▸ **Provided entries**:
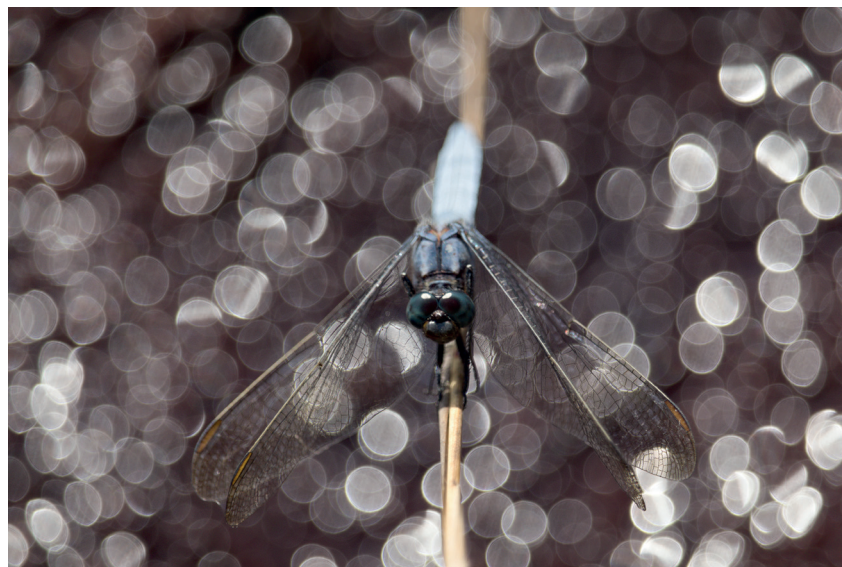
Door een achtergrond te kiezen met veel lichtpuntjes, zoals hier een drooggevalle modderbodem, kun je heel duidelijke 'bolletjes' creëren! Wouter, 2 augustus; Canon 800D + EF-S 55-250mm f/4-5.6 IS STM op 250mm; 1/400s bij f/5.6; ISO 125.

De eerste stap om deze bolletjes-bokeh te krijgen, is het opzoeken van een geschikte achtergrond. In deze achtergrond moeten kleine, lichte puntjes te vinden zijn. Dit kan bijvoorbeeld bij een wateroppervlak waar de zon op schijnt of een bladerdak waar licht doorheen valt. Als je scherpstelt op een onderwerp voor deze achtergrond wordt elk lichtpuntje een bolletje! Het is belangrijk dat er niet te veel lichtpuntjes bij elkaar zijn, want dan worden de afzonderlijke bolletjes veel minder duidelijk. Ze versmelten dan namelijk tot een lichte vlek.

---

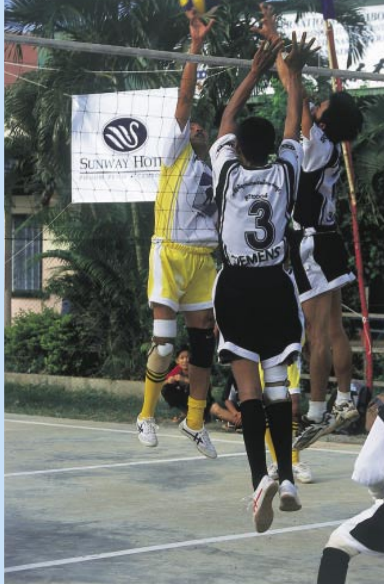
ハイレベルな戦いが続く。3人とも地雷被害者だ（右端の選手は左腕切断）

▸ **Activity**: Reproduce exactly the lines of the records above from the one with "Door een achtergrond" to the one with "De eerste stap", both included, and leave out everything else.

▸ **Answer area**:
Door een achtergrond te kiezen met veel lichtpuntjes, zoals hier een drooggevalle modderbodem, kun je heel duidelijke 'bolletjes' creëren! Wouter, 2 augustus; Canon 800D + EF-S 55-250mm f/4-5.6 IS STM op 250mm; 1/400s bij f/5.6; ISO 125.

De eerste stap om deze bolletjes-bokeh te krijgen, is het opzoeken van een geschikte achtergrond. In deze achtergrond moeten kleine, lichte puntjes te vinden zijn. Dit kan bijvoorbeeld bij een wateroppervlak waar de zon op schijnt of een bladerdak waar licht doorheen valt. Als je scherpstelt op een onderwerp voor deze achtergrond wordt elk lichtpuntje een bolletje! Het is belangrijk dat er niet te veel lichtpuntjes bij elkaar zijn, want dan worden de afzonderlijke bolletjes veel minder duidelijk. Ze versmelten dan namelijk tot een lichte vlek.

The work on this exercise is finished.